ADJUDICATING CLAIMS UNDER A COLLATERAL WARRANTY

Abbey Healthcare v Simply Construct: BLR [2022] p. 433, Court of Appeal

 

Adjudicating claims under a Collateral Warranty

Abbey Healthcare v Simply Construct: BLR [2022] p. 433, Court of Appeal

The Facts

Simply was a builder, which constructed the Arundale Care Home, achieving practical completion in October 2016.  In August 2017 Abbey took a long lease of the property in order to operate it as a care home.  Extensive fire safety defects were discovered and rectified at considerable expense in 2018.  In October 2020 Simply gave a collateral warranty to Abbey and subsequently took Abbey to adjudication for repair costs.  The adjudicator found he had jurisdiction, and ordered Abbey to pay £908,000!

The TCC refused to enforce the award on grounds that warranty was not a contract for construction operations.

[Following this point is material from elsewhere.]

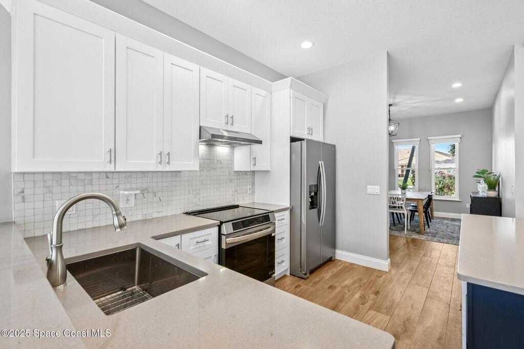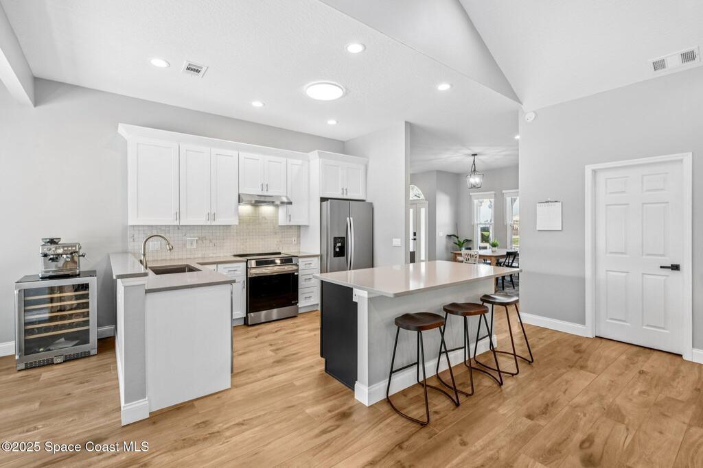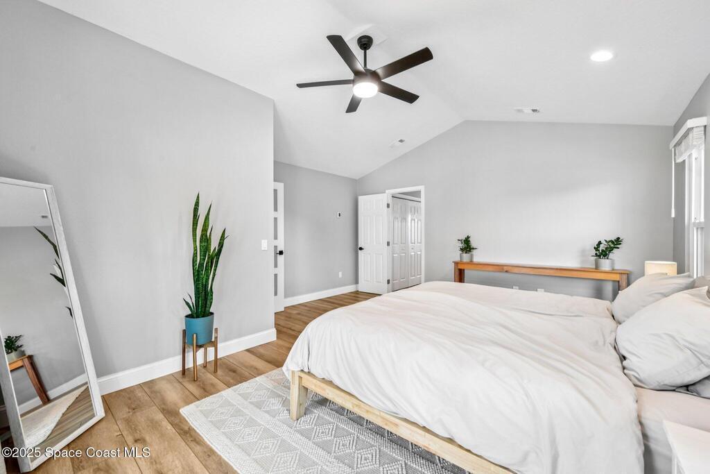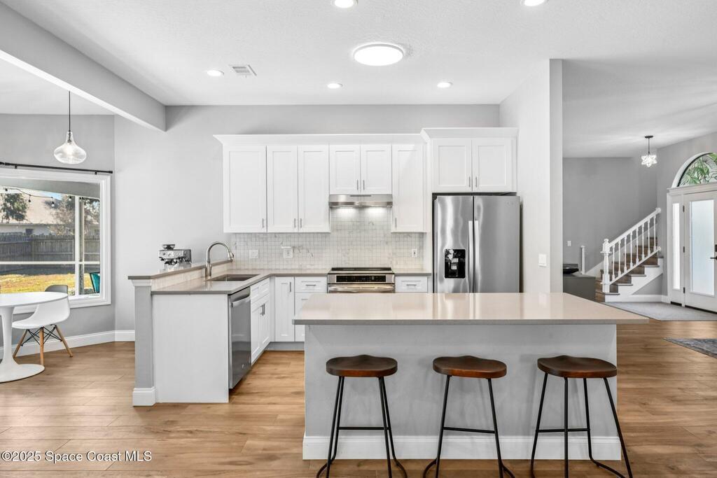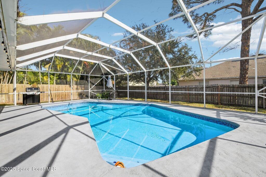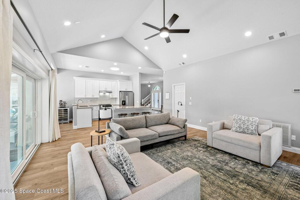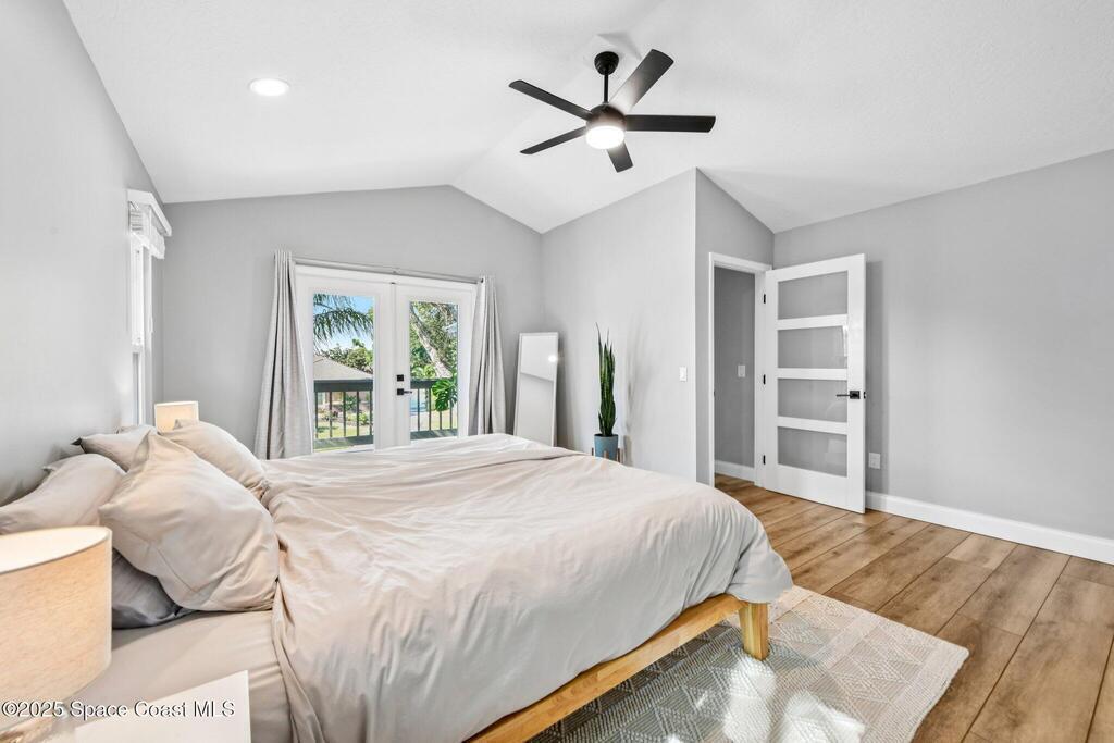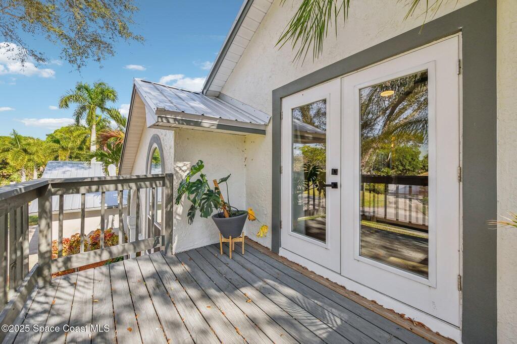 Back on the market--motivated sellers want this under contract ASAP. Set between the Banana River and Sykes Creek on a quiet dead-end street, this fully remodeled pool home offers easy coastal living. All major systems were replaced in 2023, including a metal roof, impact windows, two A/C units, and a water heater.The open kitchen features Whirlpool stainless appliances, quartz countertops, white cabinetry with a navy island, and a breakfast nook, flowing into the family room with a coquina fireplace and triple collapsible impact slider. Updates include wood-look tile floors, fresh interior and exterior paint, new lighting and fans, new interior doors, and updated baths.Downstairs offers a second living area with French doors to the pool, dining space, two bedrooms, a full bath, and storage. Upstairs, the primary suite includes French doors and an updated ensuite. Enjoy a screened-in pool and private backyard close to waterfront parks, boat ramps, and Merritt Island amenities.

The Court of Appeal (2:1) Held

  • Abbey’s appeal was granted, since
  • The builder’s collateral warranty to the Tenant was, on its wording, a “contract for construction operations” (see section 104(1) Housing Grants Construction Regeneration Act 1996).

Comment

  1. The CA consciously adopted a wide interpretation of s. 104(1) “a construction contract means an agreement with a person .....for the carrying out of construction operations”.
  2. Simply had a contractual duty to give the warranty to the Tenant, even though it knew that a claim would follow.  This case shows the importance of ensuring that a Warranty gives the Beneficiary no greater nor longer rights than the original Employer.
  3. Unfortunately, this decision also creates at least 2 serious problems:
  4. all 3 judgements of the court placed great stress on the interpretation of the specific wording.  This means that much time will be spent in future arguing whether not particular warranties are or are not contracts for  construction operations, and before that, in negotiating the wording so as to impose or avoid this status;
  5. collateral warranties given by design professionals will drag their underwriters into high-speed 28 day dispute resolution, with limited opportunity to involve defence expert evidence, and the threat having to make a major payout and then pursue recovery through the courts.